ACTIVITY – In the data below, begin at the line with "RELAXDAYS 6 Paar" and stop after the line with "女生怎么练马甲线最快(女生怎样练马甲线)"; output those lines exactly and no pictures.

SOURCE DATA –
════════════════════

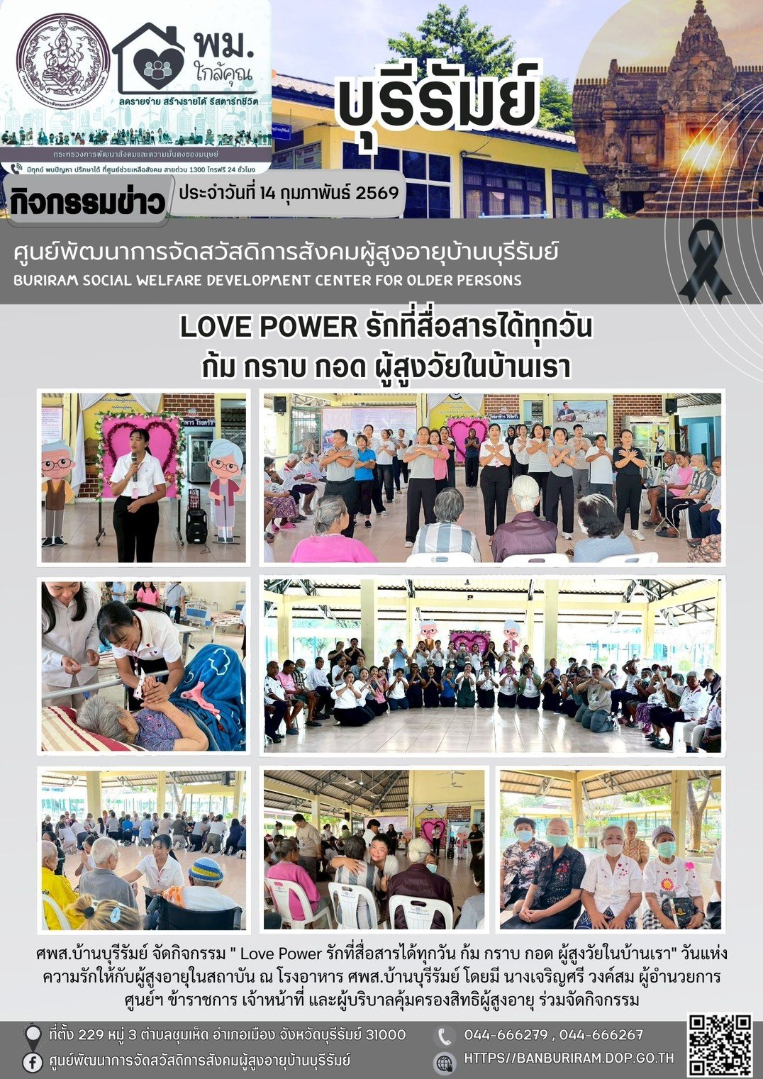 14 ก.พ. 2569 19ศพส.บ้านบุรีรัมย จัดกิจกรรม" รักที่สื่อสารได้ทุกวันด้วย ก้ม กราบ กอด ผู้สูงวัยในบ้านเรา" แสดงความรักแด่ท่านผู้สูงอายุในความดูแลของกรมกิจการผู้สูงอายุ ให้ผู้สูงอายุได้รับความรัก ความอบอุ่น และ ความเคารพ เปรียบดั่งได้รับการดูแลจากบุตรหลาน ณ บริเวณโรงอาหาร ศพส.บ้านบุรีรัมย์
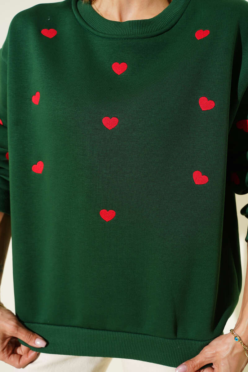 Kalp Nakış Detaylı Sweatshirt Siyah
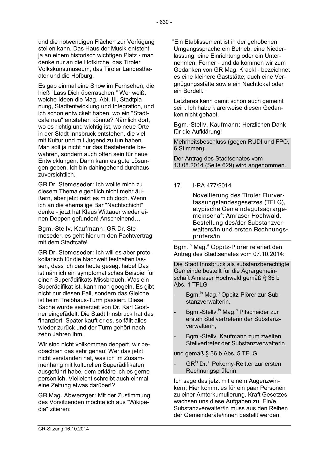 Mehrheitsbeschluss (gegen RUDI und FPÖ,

════════════════════

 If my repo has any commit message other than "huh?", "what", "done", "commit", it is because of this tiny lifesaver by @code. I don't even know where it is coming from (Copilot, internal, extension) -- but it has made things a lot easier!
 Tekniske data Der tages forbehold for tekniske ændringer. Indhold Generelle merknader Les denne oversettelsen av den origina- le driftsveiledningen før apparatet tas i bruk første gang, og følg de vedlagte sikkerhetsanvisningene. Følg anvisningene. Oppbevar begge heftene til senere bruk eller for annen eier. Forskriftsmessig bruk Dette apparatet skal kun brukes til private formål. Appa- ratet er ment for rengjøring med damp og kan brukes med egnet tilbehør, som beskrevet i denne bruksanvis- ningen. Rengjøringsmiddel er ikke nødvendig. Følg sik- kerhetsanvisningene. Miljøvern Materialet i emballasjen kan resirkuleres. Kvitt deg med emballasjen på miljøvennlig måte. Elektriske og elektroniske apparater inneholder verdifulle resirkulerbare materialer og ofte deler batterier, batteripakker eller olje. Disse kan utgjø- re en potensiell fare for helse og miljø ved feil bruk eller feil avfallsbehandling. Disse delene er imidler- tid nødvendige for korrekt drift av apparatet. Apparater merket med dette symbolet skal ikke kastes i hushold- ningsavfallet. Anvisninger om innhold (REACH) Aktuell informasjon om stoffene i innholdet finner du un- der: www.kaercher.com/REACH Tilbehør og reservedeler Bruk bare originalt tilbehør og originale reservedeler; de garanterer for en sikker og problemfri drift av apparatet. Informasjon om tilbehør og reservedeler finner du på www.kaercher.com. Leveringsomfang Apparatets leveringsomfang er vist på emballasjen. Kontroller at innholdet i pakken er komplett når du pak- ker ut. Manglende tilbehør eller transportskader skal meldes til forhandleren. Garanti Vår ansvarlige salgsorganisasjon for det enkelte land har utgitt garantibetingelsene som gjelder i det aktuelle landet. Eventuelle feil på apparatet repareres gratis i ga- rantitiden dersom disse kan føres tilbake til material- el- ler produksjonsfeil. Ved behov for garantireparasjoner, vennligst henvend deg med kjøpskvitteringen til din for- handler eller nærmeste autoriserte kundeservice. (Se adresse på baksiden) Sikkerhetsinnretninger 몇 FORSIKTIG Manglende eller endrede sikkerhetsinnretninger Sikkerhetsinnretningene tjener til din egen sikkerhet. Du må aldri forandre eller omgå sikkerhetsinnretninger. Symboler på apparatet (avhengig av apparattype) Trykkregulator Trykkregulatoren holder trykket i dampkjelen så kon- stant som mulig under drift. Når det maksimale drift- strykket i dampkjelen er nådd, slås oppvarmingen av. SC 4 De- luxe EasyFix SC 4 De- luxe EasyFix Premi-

════════════════════

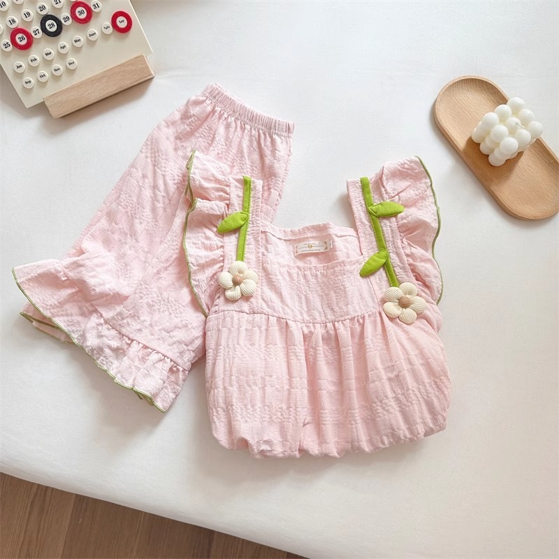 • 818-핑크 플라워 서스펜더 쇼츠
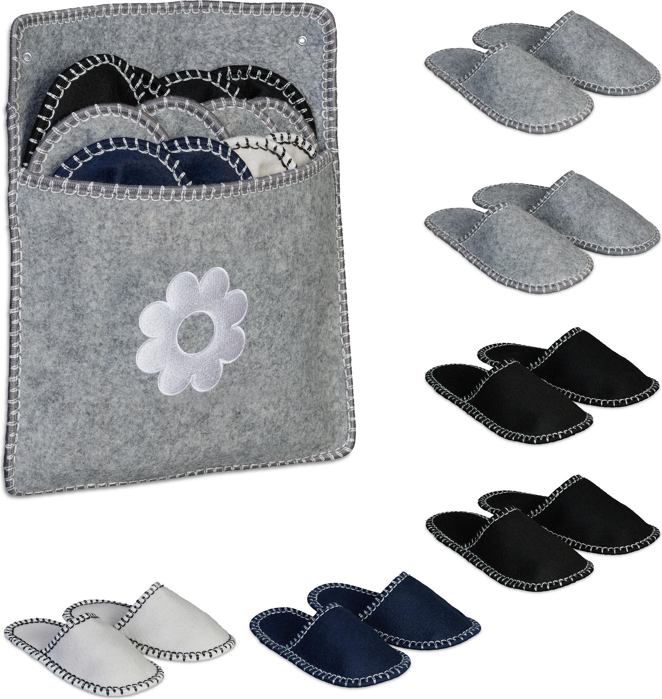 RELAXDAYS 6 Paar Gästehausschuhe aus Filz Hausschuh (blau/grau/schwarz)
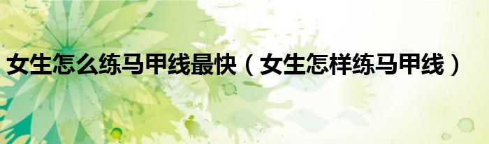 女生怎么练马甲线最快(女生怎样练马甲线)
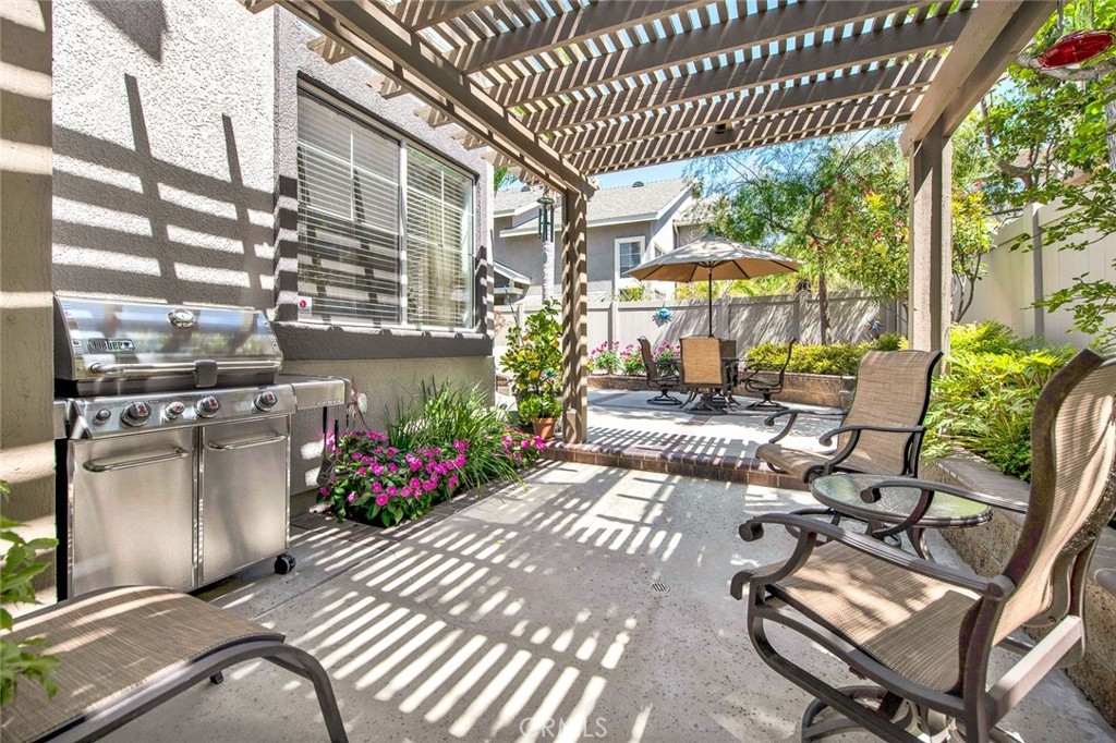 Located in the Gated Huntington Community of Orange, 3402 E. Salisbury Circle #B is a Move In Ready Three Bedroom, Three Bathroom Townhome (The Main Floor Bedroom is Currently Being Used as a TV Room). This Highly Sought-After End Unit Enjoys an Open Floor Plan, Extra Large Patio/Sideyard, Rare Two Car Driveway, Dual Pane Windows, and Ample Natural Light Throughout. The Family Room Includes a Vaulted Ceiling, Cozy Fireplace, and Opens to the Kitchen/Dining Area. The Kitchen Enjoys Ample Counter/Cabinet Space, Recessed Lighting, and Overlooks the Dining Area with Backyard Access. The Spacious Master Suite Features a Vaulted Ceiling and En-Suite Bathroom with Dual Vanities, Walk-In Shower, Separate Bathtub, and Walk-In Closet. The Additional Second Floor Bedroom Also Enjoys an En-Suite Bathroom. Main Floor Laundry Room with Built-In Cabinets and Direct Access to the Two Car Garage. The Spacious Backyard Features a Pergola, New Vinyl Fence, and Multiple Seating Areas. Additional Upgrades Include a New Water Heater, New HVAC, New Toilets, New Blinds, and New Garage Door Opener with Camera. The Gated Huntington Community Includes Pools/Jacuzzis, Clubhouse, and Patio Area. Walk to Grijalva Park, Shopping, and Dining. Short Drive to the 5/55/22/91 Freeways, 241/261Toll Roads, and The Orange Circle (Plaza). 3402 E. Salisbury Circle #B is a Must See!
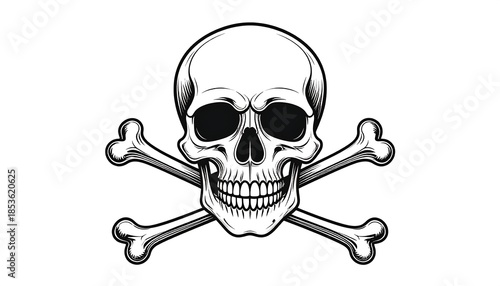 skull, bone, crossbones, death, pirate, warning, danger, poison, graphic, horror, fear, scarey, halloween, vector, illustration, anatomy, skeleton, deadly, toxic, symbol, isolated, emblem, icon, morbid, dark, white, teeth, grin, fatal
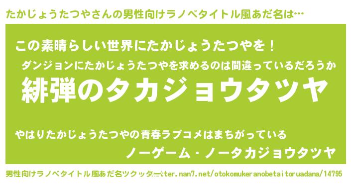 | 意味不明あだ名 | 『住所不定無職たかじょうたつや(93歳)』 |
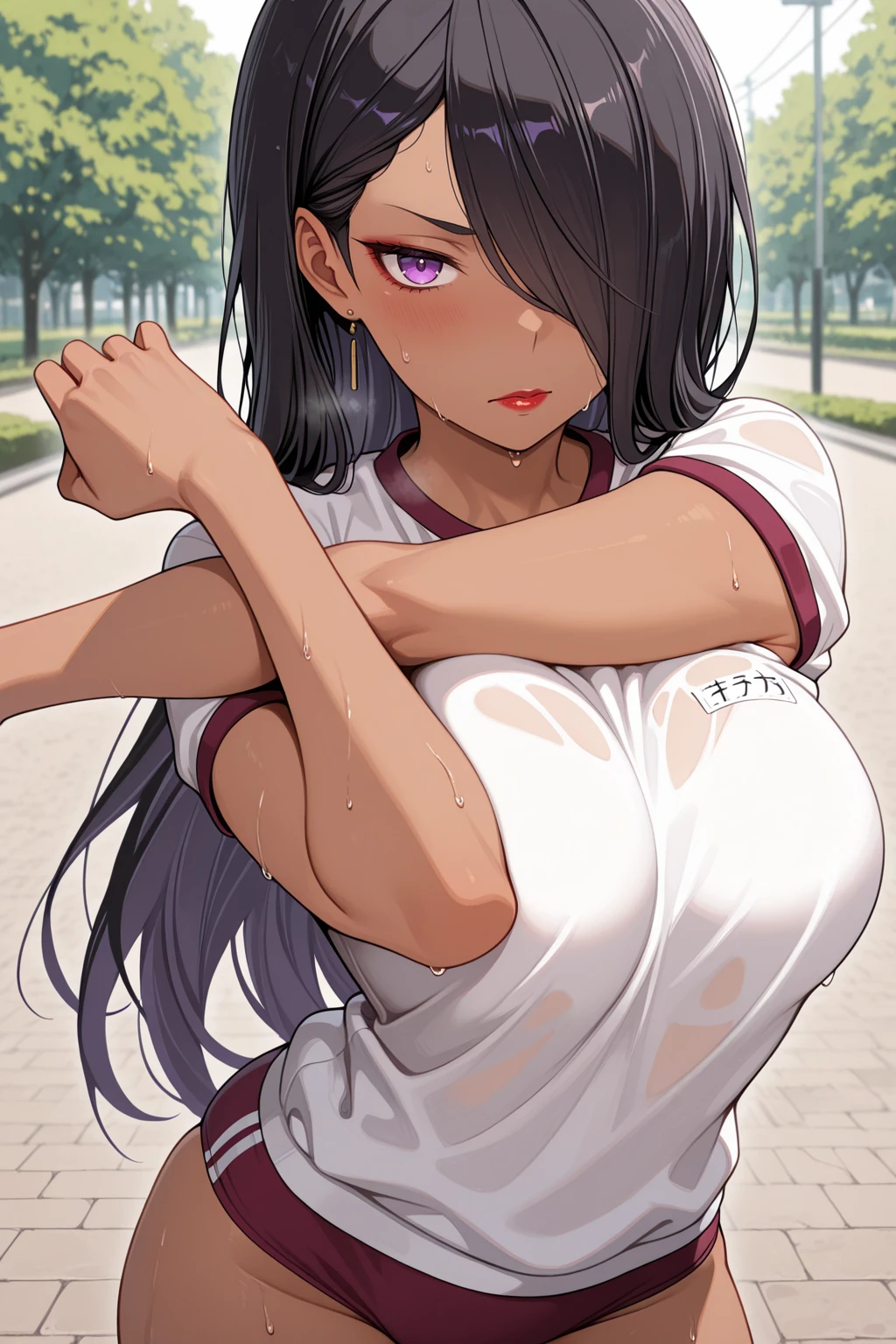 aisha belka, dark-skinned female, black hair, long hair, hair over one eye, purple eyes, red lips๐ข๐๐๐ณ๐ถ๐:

════════════════════

ANSWER –
 RELAXDAYS 6 Paar Gästehausschuhe aus Filz Hausschuh (blau/grau/schwarz)
 女生怎么练马甲线最快(女生怎样练马甲线)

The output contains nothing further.